In reality, I have forgotten how I planned it in my head. I am wearing a white lace blouse, a pair of jeans and flats. My hair smells like cigarette smoke and a lone white gold necklace hangs on my neck.

But just like in my fantasies, the reunion is happening on a cold and rainy night at Greenbelt 3. What surprises me is how Matthew looks now.

He walks towards me in the same quick strides I remember from a lifetime ago. His eyes scan the crowd and finally, they settle on me once more. A quick recognition. A shy smile that, even years later, makes me feel unsure.

It’s the same shy smile from years ago, when he first sat beside me at Sir Magic Pants’ class, only this time, the sparkle that was once so contagious doesn’t reach his eyes anymore.

The guy walking towards me now looks so far from the once dignified EIC with a solid built frame and an ego the size of Russia. In his place is a guy with a pair of sad, weary eyes.

“Hi Kit…” he starts, and from the tone of his voice I can tell that he is scouring his brain for some fake apology that can somehow makeup for making me wait without even a decent heads up.

“Hey,” I say.

“Sorry, I’m late. I…”

“Never mind,” I catch myself saying. “Want to catch a movie?”

“Um, sure.”

I am a grown woman, alright. But both the 18-year-old and 24-year-old woman in me are experiencing the same anxiety attack.

After four years, I expected to have better control of my emotions and expectations by now but I am suddenly so conscious of Matthew’s hands so close to mine again after all this time.
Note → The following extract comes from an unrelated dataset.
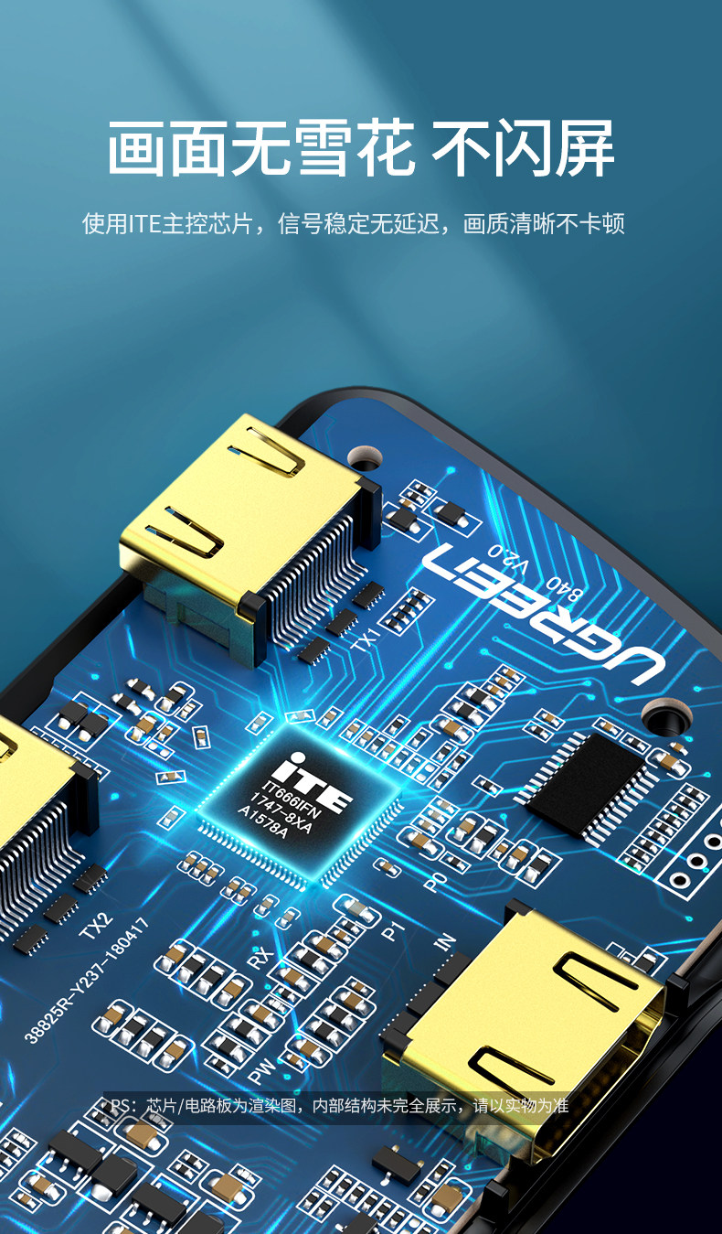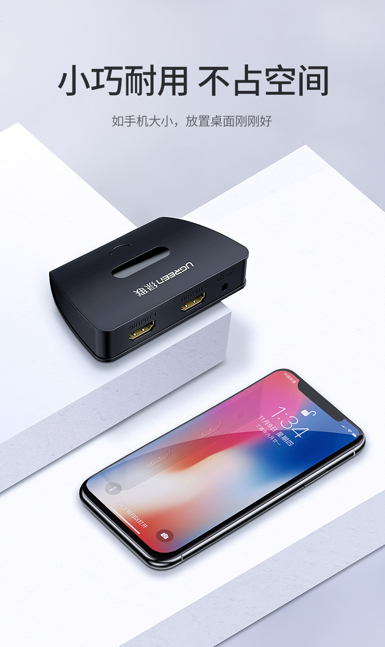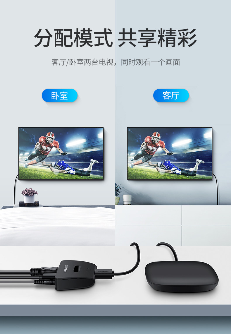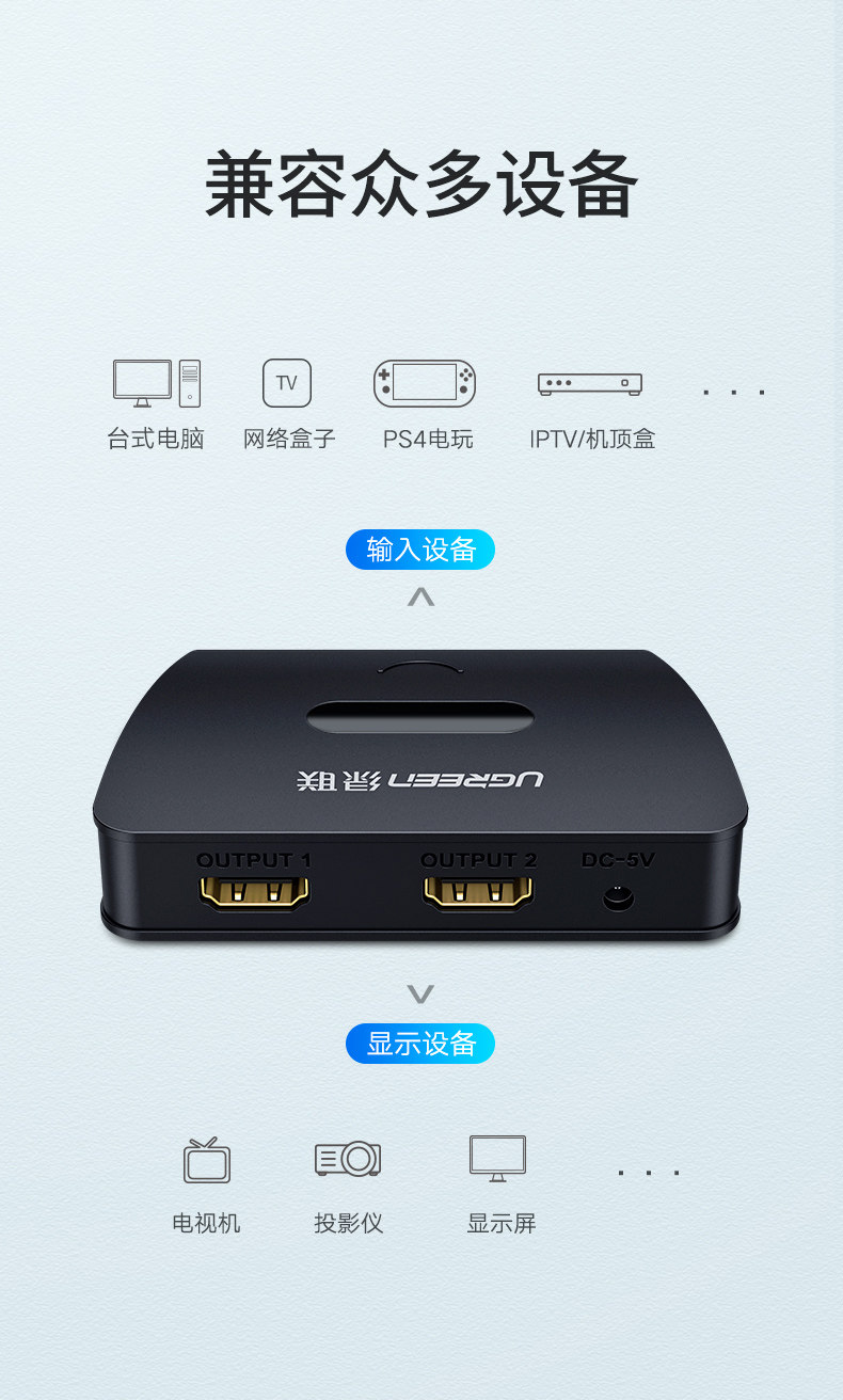 绿联 Дистрибьютор HDMI Один из двух розетков, одна точка, два 4K High -Definition Set -Top Box Display TV Notebbook Games 1 in, 2, один перетаскивание двух -дисктоп компьютеров
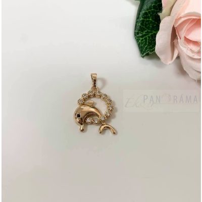 Arany színű medál,közepében egy delfin egy csillogó kristály karikával. Kifinomult, egyben mutatós darab.

We decided to catch a late night movie and quickly queued for some popcorn. In our haste, he trips and the tub of popcorn he is holding flies from his hands. For a split second, the world was at peace as the popcorn fell from above.

“Are you okay?” I ask as I help him brush the popcorn off his hair.

“Um, yes,” he says. “Shit, sorry about the popcorn.”

And just like that, I feel it happening, as though someone switched it on again. I feel the connection, the one I so desperately tried to break.

I can feel him again. And just like that, I open my mouth and say: “You fell for me again.”

For a split second, I swear I saw his face light up. For the first time in years, I hear him laugh again. And it sounds so beautiful.